As patuscadas tiveram seguimento na véspera, depois de um Sporting vs. Benfica que esteve mais para cá do que para lá, mas dividiu o mal (1 ponto) pela 2ª Circular. Apostou-se numa churrascada no casarão dos pais da Carolina, ainda por cima na rua - cortesia de uma noite perfeita. Quis armar-me em esperto e, topando um rádio ao pé da mesa, sintonizei-o na Antena 2, mas ao invés da candura apropriadamente sacra de um Bach levámos em cheio com o Requiem do Brahms. O Pascoal, que pela segunda vez vestia o casaco preto novo, independentemente da temperatura - e bem que ele suou, sobretudo na véspera -, não ficou especialmente entusiasmado com o que chamou de "missa do sétimo dia". Quem salvou aquilo foi a mãe da Carolina, que no leitor de CDs tinha um álbum dos Pink Floyd. Obrigado, dona Eduarda. A noite terminou na varanda da sala de sobremesas, com a Raquel Balsa a trocar argumentos com o Dr. Freitas sobre vindimas, já depois de um dueto de Buena Vista Social Club entre mim e o irmão da Carolina, e outras coisas igualmente lamentáveis.

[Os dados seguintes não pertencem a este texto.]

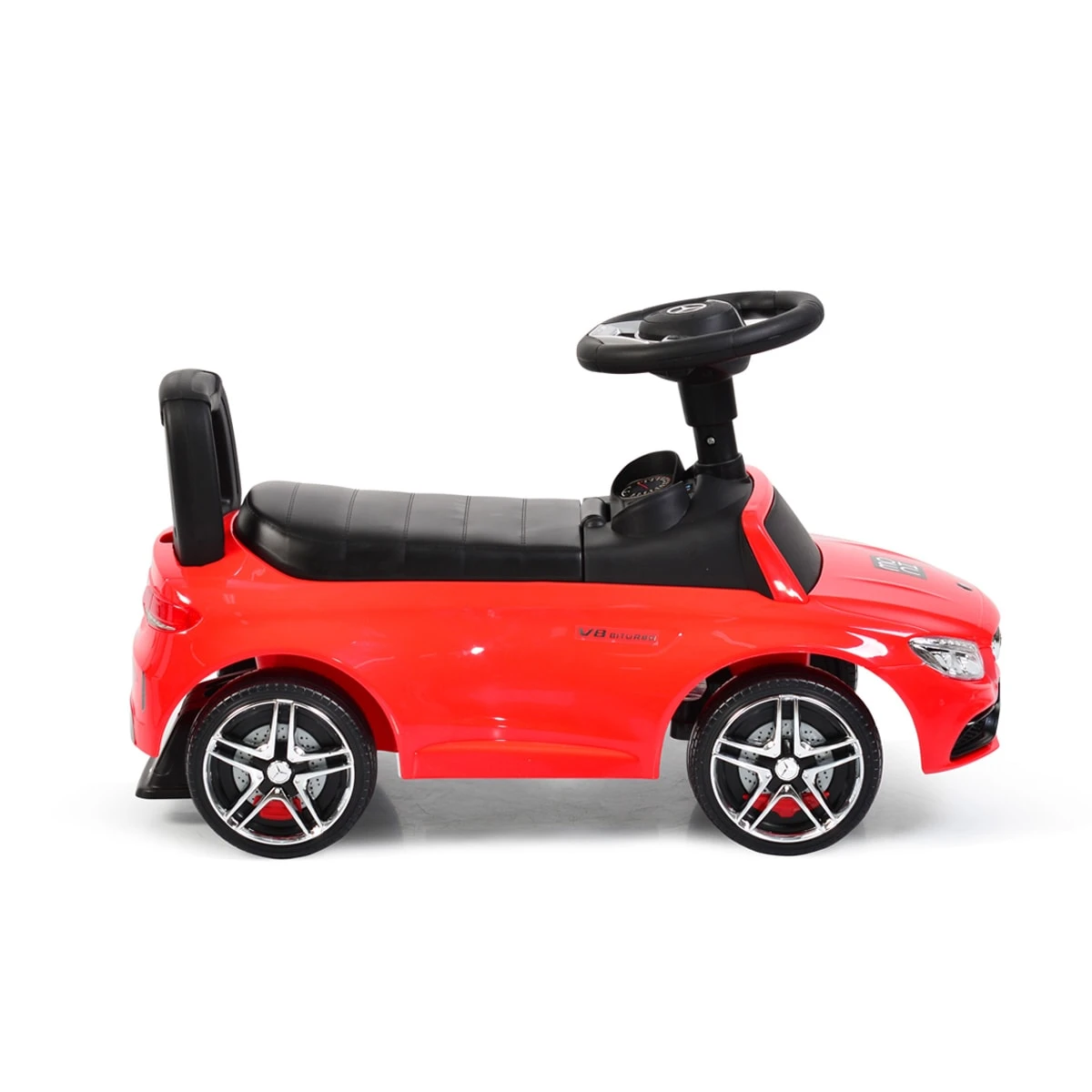 Das Rutschauto Mercedes C63 Coupe 638 aus dem Hause Moni für kleine Raser. Es ist geeignet für Kinder ab 12 Monaten bis ungefähr 36 Monaten oder maximal 25 Kilogramm. Der bequeme Sitz bietet optimalen Fahrkomfort für Ihr Kind. An der Rückenlehne kann sich Ihr kleiner Liebling festhalten und das Auto durch die Wohnung schieben. Am Lenkrad befinden sich verschiedene Tasten, die auf Druck verschiedene Melodien spielen. Zum Aktivieren der Musikfunktionen benötigen Sie zwei AA 1,5V Batterien, die nicht im Lieferumfang enthalten sind. Mit dem Rutschauto trainiert Ihr Kind das Gleichgewicht sowie die motorischen Fähigkeiten. Das Kinderauto ist lizenziert von der Daimler AG.

O regresso a Lisboa fez-se ao som de Doors e The National, tendo-me parecido que mais tempo demorámos a fazer 80 quilómetros pelo IP3 do que propriamente os outros 200 pela auto-estrada. O IP3 é a pior estrada do país no campeonato daquelas que se acham mais do que são. Aquilo é meia faixa de rodagem e vamos com sorte, o cúmulo da claustrofobia rodoviária, um aborrecimento atroz. O IP3 é o oposto de Viseu.